The most basic version has one type of particle, and no spatial considerations. At each time step, each parrticle gives rise to a random number of offspring; the distribution of offspring is fixed, and the number is independent across time-steps and across lineages (IID). This is the so-called Galton-Watson branching process. Galton introduced it as a model of the survival of (patrilneal) family names, so that only male offspring counted; he required the distribution of time until a given lineage went extinct. This was provided almost immediately by Watson, in a very elegant use of the method of generating functions, which is, itself, reproduced in probability textbooks down to the present day. (However, when I first encoutnered the problem, in a probability class, the teacher presented it as one about the survival of matrilineal lineages, defined by inheritance of mitochondrial DNA. Whether this was conscious subversion of the patriarchy, or just a reflection of the changing scientific interests between the 1890s and the 1990s, I couldn't say.)

To read:

  • David Assaf, Larry Goldstein and Ester Samuel-Cahn, "An unexpected connection between branching processes and optimal stopping", math.PR/0510587 = Journal of Applied Probability 37 (2000): 613--6 [This sounds like a nice pedagogical topic for a course in stochastic processes. I teach a course in stochastic processes....]
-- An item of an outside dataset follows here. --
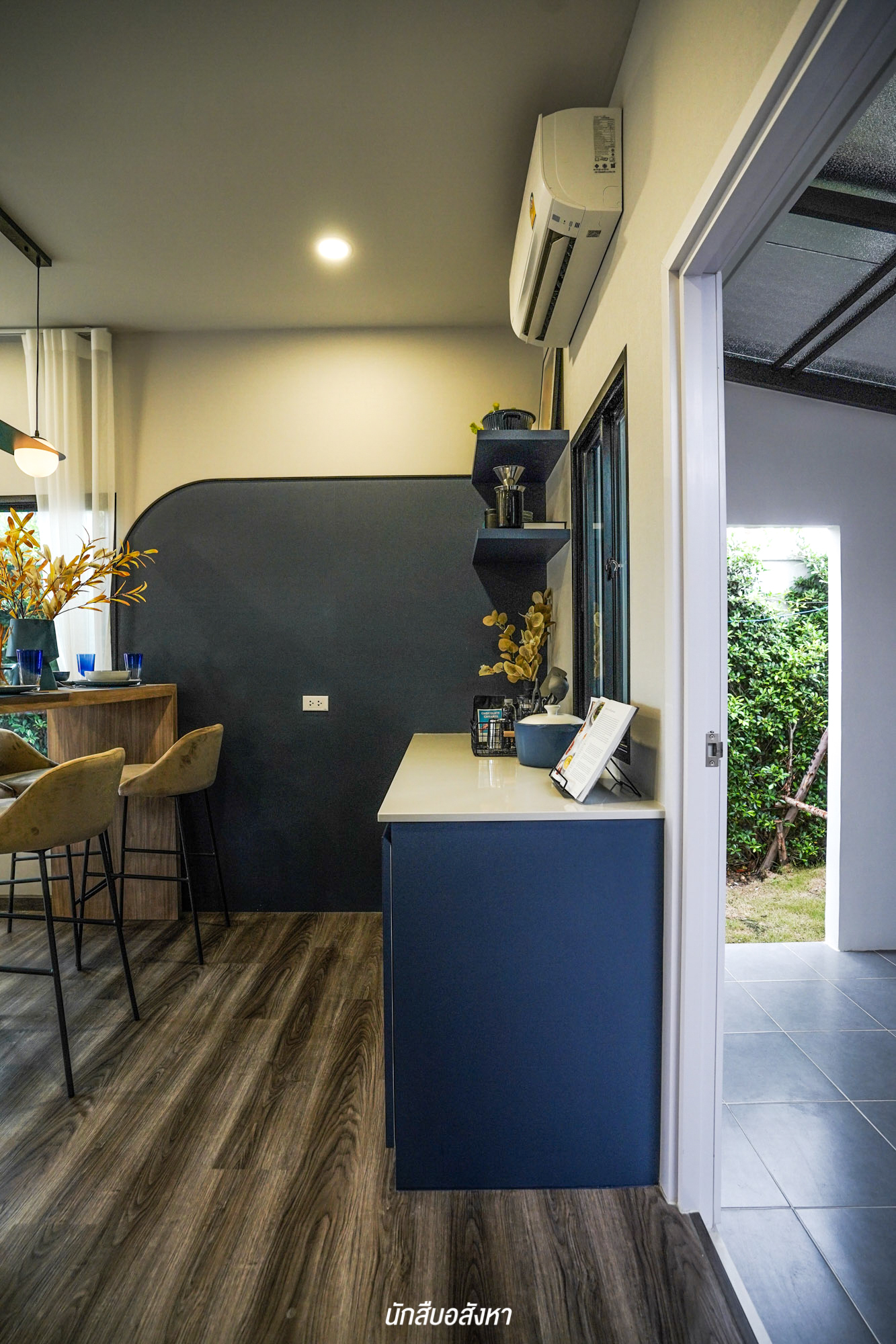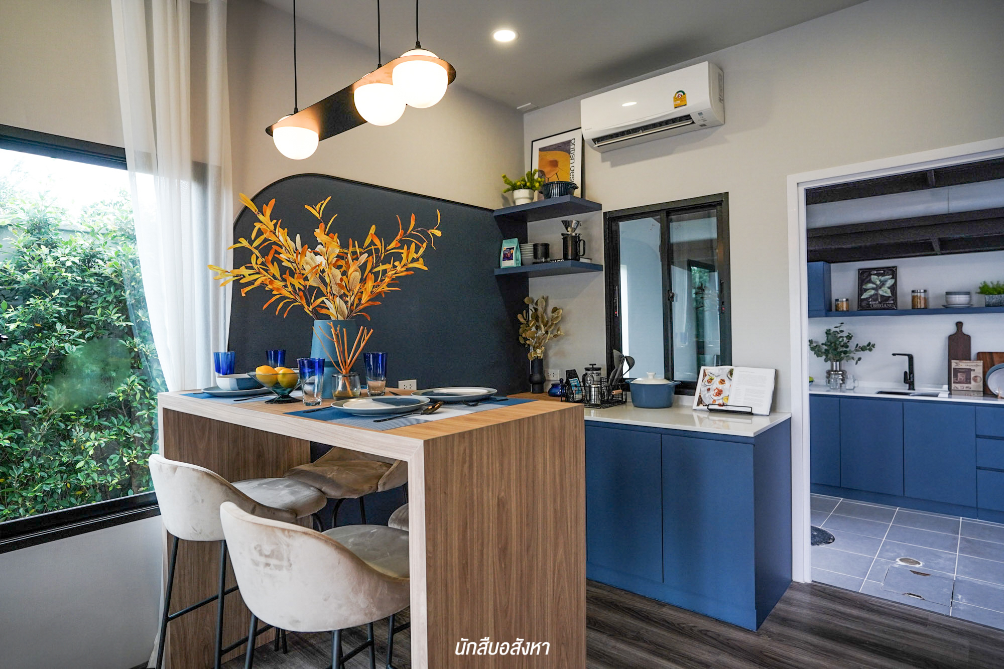 ถัดมาจะเป็นมุมรับประทานอาหาร 2 ที่นั่ง อารมณ์แบบเคาน์เตอร์บาร์ ซึ่งหากสมาชิกเยอะหน่อยก็เพิ่มเก้าอี้ได้อีก 2 – 3 ตัว ผนังโครงการบิวท์อินตู้เก็บของ เพื่อให้เห็นถึงฟังก์ชันที่เพิ่มมากขึ้น และมีกระจกด้านหลังที่เชื่อมกับครัวด้วย ตรงนี้ก็สามารถที่จะช่วยดึงแสงจากโซนหลังบ้านเข้ามาหรือ จะทำเป็นช่องที่ยื่นรับ-ส่งอาหาร ก็ได้

  • Michael Assaf and Baruch Meerson, "Spectral Theory of Metastability and Extinction in Birth-Death Systems", Physical Review Letters 97 (2006): 200602 = cond-mat/0610415
  • Krishna B. Athreya, Branching Processes
  • K. B. Athreya, A.P. Ghosh, S. Sethuraman, "Growth of preferential attachment random graphs via continuous-time branching processes", math.PR/0701649
  • Ellen Baake, Hans-Otto Georgii, "Mutation, selection, and ancestry in branching models: a variational approach", q-bio.PE/0611018
  • Charles R. Doering, Khachik V. Sargsyan and Leonard M. Sander, "Extinction times for birth-death processes: exact results, continuum asymptotics, and the failure of the Fokker-Planck approximation", q-bio/0401016
  • Pierre Del Moral, Feynman-Kac Formulae: Genealogical and Interacting Particle Systems [This looks really, really cool]
  • P. Haccou et al., Branching Processes: Variation, Growth, and Extinction of Populations
  • Predrag R. Jelenkovic, Jian Tan, "Modulated Branching Processes, Origins of Power Laws and Queueing Duality", 0709.4297
  • Jean-Francois Le Gall, Spatial Branching Processes, Random Snakes and Partial Differential Equations
  • Sebastian Müller, "Strong recurrence for branching Markov chains", arxiv:0710.4651
  • Victor M. Panaretos, "Partially observed branching processes for stochastic epidemics", Journal of Mathematical Biology 54 (2007): 645--668
  • David Sankoff, "Branching Processes with Terminal Types: Application to Context-Free Grammars", Journal of Applied Probability 8 (1971): 233--240 [JSTOR]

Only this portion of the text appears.